Print, exactly as they stand, the lines below from the one that has "Оставьте копию синего" to the one that has "Each red line", inclusive, leaving out the pictures.

■ ■ ■

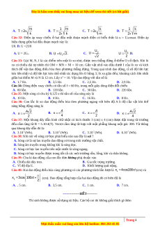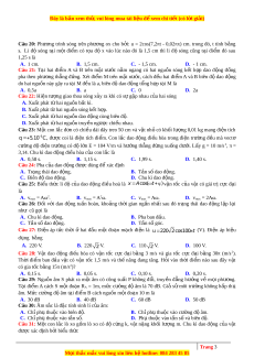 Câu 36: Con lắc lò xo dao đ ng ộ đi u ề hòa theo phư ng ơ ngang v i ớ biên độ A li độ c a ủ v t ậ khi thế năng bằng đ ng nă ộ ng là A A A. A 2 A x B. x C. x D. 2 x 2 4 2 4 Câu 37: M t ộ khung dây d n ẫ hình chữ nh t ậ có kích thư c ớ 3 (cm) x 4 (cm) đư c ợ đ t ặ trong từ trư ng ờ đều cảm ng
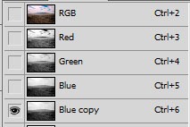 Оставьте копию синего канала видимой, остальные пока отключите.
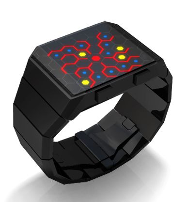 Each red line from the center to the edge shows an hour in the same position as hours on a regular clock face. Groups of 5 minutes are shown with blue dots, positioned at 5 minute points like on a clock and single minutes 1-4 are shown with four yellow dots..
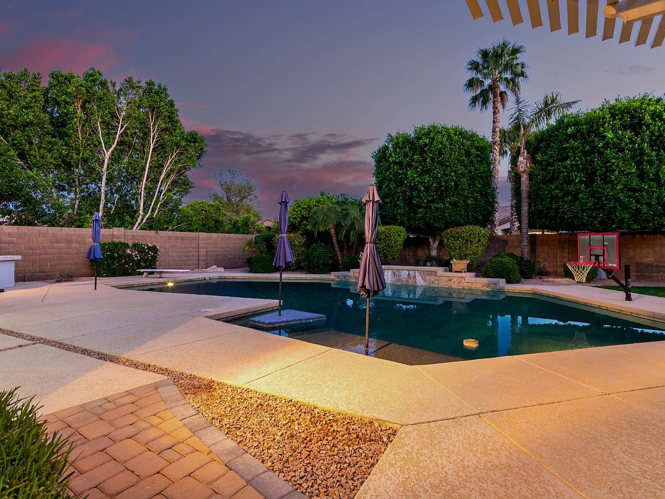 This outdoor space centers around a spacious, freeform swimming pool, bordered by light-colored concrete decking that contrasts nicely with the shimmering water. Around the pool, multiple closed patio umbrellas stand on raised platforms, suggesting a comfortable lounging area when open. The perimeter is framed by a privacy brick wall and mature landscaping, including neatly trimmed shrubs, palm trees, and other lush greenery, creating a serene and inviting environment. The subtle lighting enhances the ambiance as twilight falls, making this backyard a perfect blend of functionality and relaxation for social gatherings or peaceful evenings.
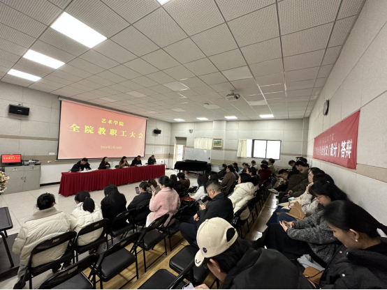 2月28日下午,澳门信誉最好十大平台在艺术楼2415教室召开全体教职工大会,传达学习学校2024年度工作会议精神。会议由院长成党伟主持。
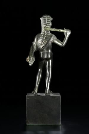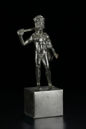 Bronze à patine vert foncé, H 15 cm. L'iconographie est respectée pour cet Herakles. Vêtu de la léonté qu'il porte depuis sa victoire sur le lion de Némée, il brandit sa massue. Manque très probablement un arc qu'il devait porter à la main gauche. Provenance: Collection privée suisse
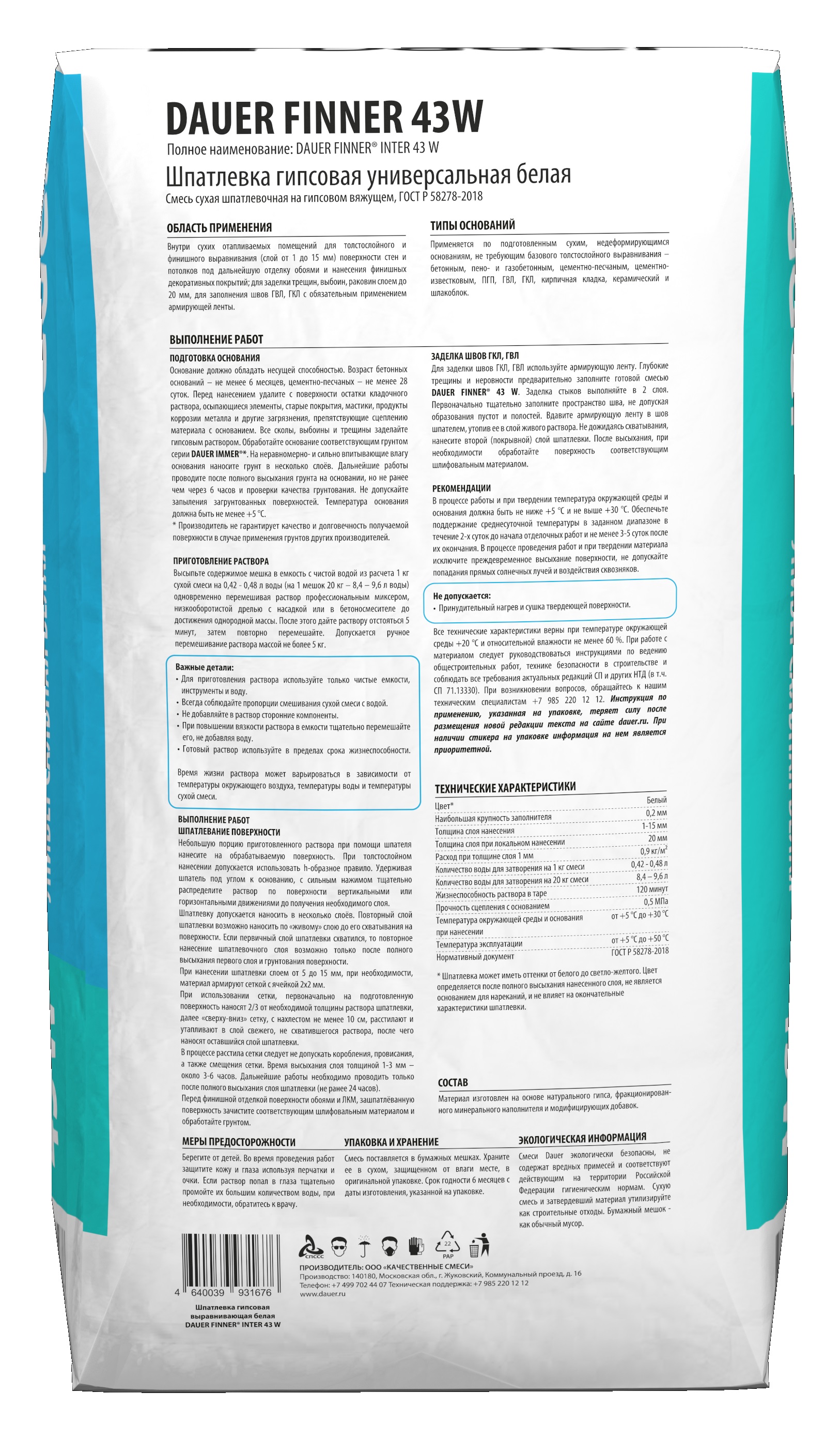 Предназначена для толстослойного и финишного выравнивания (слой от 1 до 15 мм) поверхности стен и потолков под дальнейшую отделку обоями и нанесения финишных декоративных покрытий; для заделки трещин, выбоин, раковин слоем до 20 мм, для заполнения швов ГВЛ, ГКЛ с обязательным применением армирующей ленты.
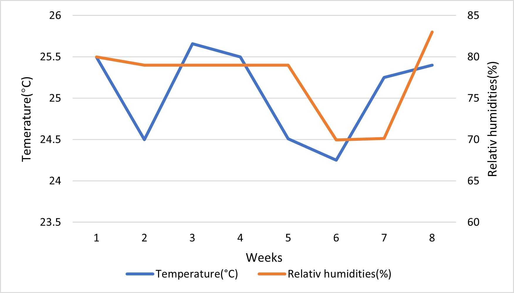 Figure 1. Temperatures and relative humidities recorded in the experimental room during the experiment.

■ ■ ■

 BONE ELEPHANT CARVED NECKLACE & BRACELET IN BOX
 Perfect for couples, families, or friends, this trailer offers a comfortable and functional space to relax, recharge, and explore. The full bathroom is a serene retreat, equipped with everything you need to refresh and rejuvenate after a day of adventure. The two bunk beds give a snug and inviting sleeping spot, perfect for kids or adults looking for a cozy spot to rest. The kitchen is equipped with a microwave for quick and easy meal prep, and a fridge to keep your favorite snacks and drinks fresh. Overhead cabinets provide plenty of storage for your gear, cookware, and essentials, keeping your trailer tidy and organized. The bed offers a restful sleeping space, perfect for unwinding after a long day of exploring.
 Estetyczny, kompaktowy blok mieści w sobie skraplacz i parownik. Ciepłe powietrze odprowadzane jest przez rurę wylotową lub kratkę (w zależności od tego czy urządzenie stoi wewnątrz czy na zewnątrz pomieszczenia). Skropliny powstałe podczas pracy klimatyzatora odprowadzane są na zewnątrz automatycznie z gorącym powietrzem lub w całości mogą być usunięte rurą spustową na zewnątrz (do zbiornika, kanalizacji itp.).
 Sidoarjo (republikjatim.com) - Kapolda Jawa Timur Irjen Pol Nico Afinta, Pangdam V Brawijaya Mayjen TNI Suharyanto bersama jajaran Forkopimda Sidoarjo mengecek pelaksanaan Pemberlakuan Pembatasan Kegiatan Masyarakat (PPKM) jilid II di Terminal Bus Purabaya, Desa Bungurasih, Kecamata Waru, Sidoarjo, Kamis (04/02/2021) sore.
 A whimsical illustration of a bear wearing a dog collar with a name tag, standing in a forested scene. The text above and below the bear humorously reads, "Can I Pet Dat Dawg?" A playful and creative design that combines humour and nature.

■ ■ ■

◆ **RESULT OF THIS TASK**
 Оставьте копию синего канала видимой, остальные пока отключите.
 Each red line from the center to the edge shows an hour in the same position as hours on a regular clock face. Groups of 5 minutes are shown with blue dots, positioned at 5 minute points like on a clock and single minutes 1-4 are shown with four yellow dots..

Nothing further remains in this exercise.